Hi, I had a bit of yesterday that Home Assistant was near non-responsive. I ran top and python3 -m homeassistant --config /config was pegged at 100%
. Rebooting didn’t help. First time I’ve had to use safe mode. I did use profiler before I put it in safe mode, however I’d never figured out how to use Snakeviz in the past, so it was more a “following the forum guidance” kind of thing. In safe mode my CPU via system monitor dropped to ~13%.
After a few hours I switched off safe mode and it’s been ok since. CPU has been 21-33%.
Great, it’s reletively working, but the trouble is I didn’t actually identify the problem. My “attempts” on the screenshot above are just switching from Safe Mode. The first time when I checked top, the same python3 -m homeassistant --config /config process had high CPU and I didn’t have time to troubleshoot so I just turned Safe Mode on again.
Getting Snakeviz to work (here’s the questions)
Later I figured out how to install and use Snakeviz with WSL. Nothing made since I was only seeing that base_events.py was taking ~59/60 seconds. That seemed like a lot, but the chart didn’t look anything like what I was seeing in the screenshots. After tinkering I finally asked an LLM that suggested “Something is blocking the event loop” and to share my top 20 functions which I did.
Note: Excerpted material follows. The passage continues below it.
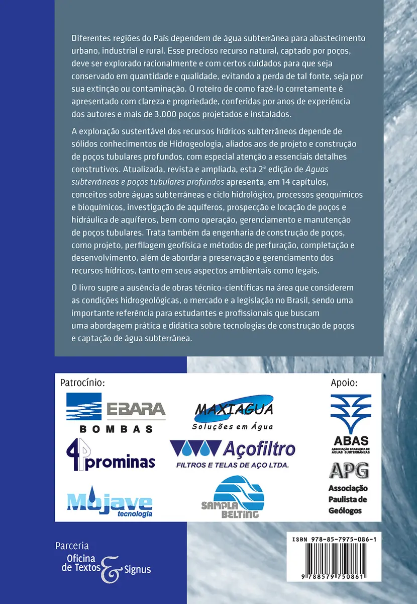 O Brasil detém 14% dos recursos hídricos do planeta, desse total, 97% são de águas subterrâneas. Com o aumento da demanda para abastecimento humano, industrial e do agronegócio, a exploração adequada e sustentável dos recursos hídricos subterrâneos é, atualmente, imprescindível. Nesse contexto, possuir sólidos conhecimentos de Hidrogeologia, aliado aos de projeto e construção de poços tubulares profundos, com especial atenção a essenciais detalhes construtivos, se fazem necessários. A 2ª edição de Águas subterrâneas e poços tubulares profundos, totalmente atualizada, revista e ampliada, apresenta, em 14 capítulos, conceitos sobre águas subterrâneas e ciclo hidrológico, processos geoquímicos e bioquímicos, investigação de aquíferos, prospecção e locação de poços, hidráulica de aquíferos, bem como operação, gerenciamento e manutenção de poços tubulares. O livro supre a ausência de obras técnico-científicas na área de hidrogeologia e apresenta com uma abordagem prática e didática tecnologias de construção de poços e captação e gerenciamento de águas subterrâneas. Conta ainda com a organização dos experientes autores Carlos Eduardo Quaglia Giampá e Valter Galdiano Gonçales além de mais 18 especialistas, consolidando-se assim como um livro de referência para estudantes e profissionais na área de Geologia, Engenharia Civil e Hidráulica e áreas afins.

The LLM suggested initially that MQTT was the culprit, but after the ncalls sort it pointed more towards template loops. Incidentally I did recently add a couple in helpers. So, the bulk of this whole big post is to ask if any of you Jinja/Python gurus would take a look at this to tell me if anything else stands out as a problem AND to look at the templates that I’ve identified as likely problematic and if you’re willing, give me some guidance on improving them.
Template 1
This is the first template I showed it, not the worst (IMO), but the LLM said it was a problem. It’s being used as a binary_sensor helper. The purpose of this is to trigger an automation when the Traccar location goes stale. I’m not positive, but I believe this one was human made with the help of someone on the forum.
{{ (now() - states.device_tracker.rosa_traccar.last_updated).total_seconds() > 1200 }}
Template 2
The goal of this one was to avoid having to manually add new leak sensors, but have one binary_sensor that I could use to trigger notifications if any leak sensor failed to report every day. This was definitely LLM generated.
{% set threshold = now() - timedelta(hours=26) %}
{% set ns = namespace(stale=false) %}
{% for entity in states.sensor
if entity.entity_id.startswith('sensor.leak_sensor_')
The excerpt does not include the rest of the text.